I know that jupyter/tensorflow-notebook only supports CPU to avoid including NVIDIA propietary software in the project (see https://github.com/jupyter/docker-stacks/issues/516). However, would it be ok to include a recipe in docs/using/recipes.md?
I know that some people (including me) would like to work with an image based on jupyter/base-notebook but with GPU support because official docker images lacks some interesting features.
If we're extra careful to point the reader to the NVIDIA EULA and explain that they have to accept the terms of the license to install CUDA and redistribute it in their Docker images, then I'm +0.001 on having it in the recipes.
It might be good to have others weigh in.

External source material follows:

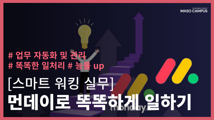 이러한 문제를 해결하기 위해, 마소캠퍼스는 ‘스마트 워크 마스터: 노션과 먼데이, 구글 캘린더까지 업무 혁신 팩’을 구성하였습니다.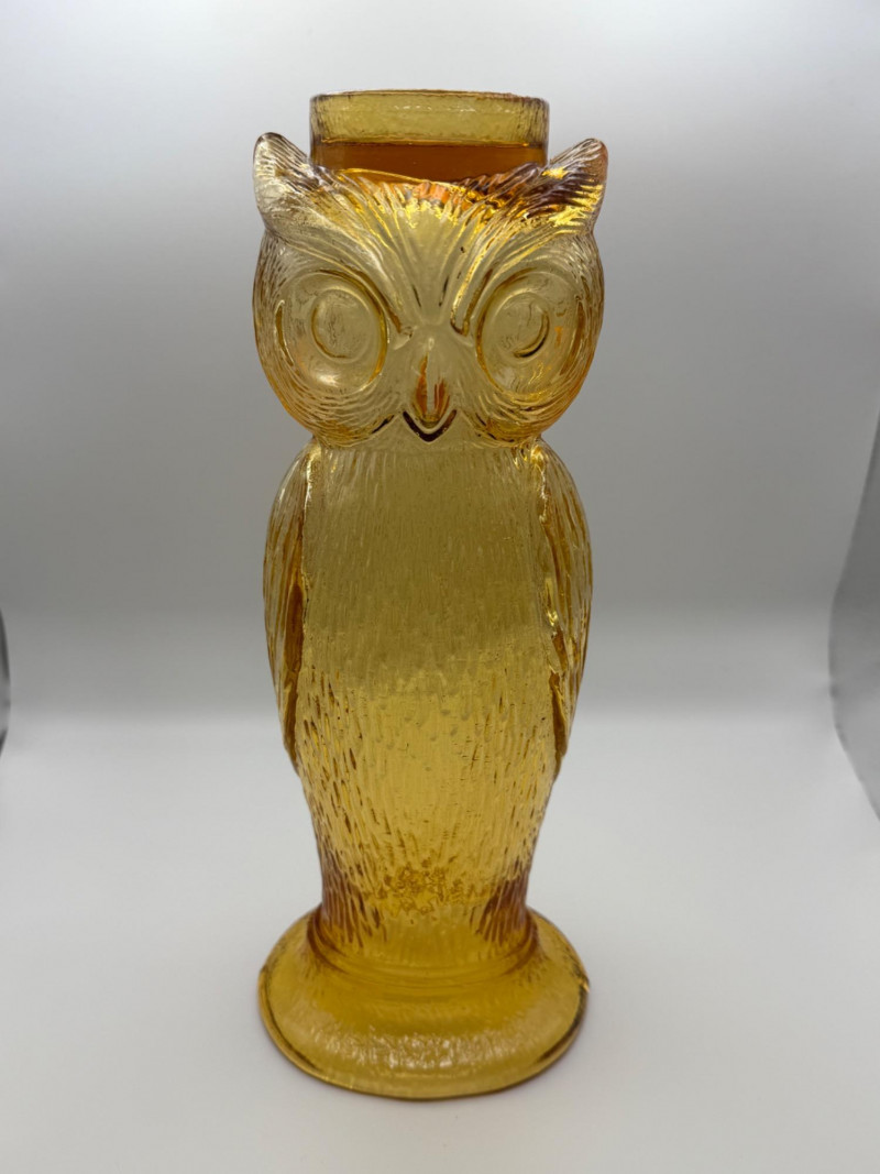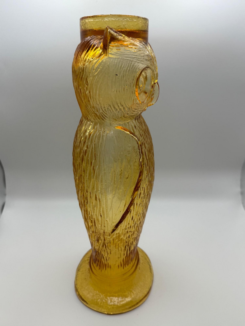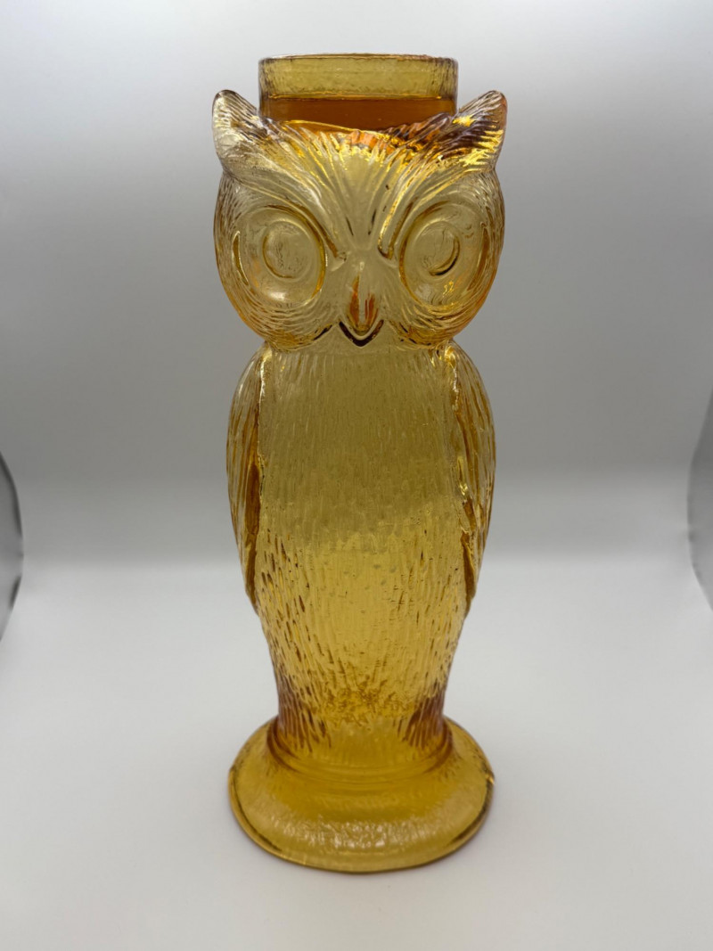 Lot # 79 - Vintage Amber Glass Owl Candle Holder

See jupyterhub/zero-to-jupyterhub-k8s#994 as well as a reference
Believing Jupyter is right to stay away from closed source binaries as provided by NVidia, though driven by immediate industry requirements, we have put a version of this repository with added GPU support, including recipes and an additional one for Tensorflow + Pytorch (see #745 ), here: https://github.com/jolibrain/docker-stacks
The Tensorflow + Pytorch recipe is here: https://github.com/jolibrain/docker-stacks/tree/master/jupyter-dd-notebook-gpu
Note: we're only planning to update the GPU recipes irregularly at the moment.
@beniz Thanks for sharing your work.
This issue has been idle for some time now so I'm going to close it. If anyone would like to submit a PR to the recipes or community images doc pages linking to information about GPU-enabled images, I'll be happy to review it.
Most helpful comment
Believing Jupyter is right to stay away from closed source binaries as provided by NVidia, though driven by immediate industry requirements, we have put a version of this repository with added GPU support, including recipes and an additional one for Tensorflow + Pytorch (see #745 ), here: https://github.com/jolibrain/docker-stacks
The Tensorflow + Pytorch recipe is here: https://github.com/jolibrain/docker-stacks/tree/master/jupyter-dd-notebook-gpu
Note: we're only planning to update the GPU recipes irregularly at the moment.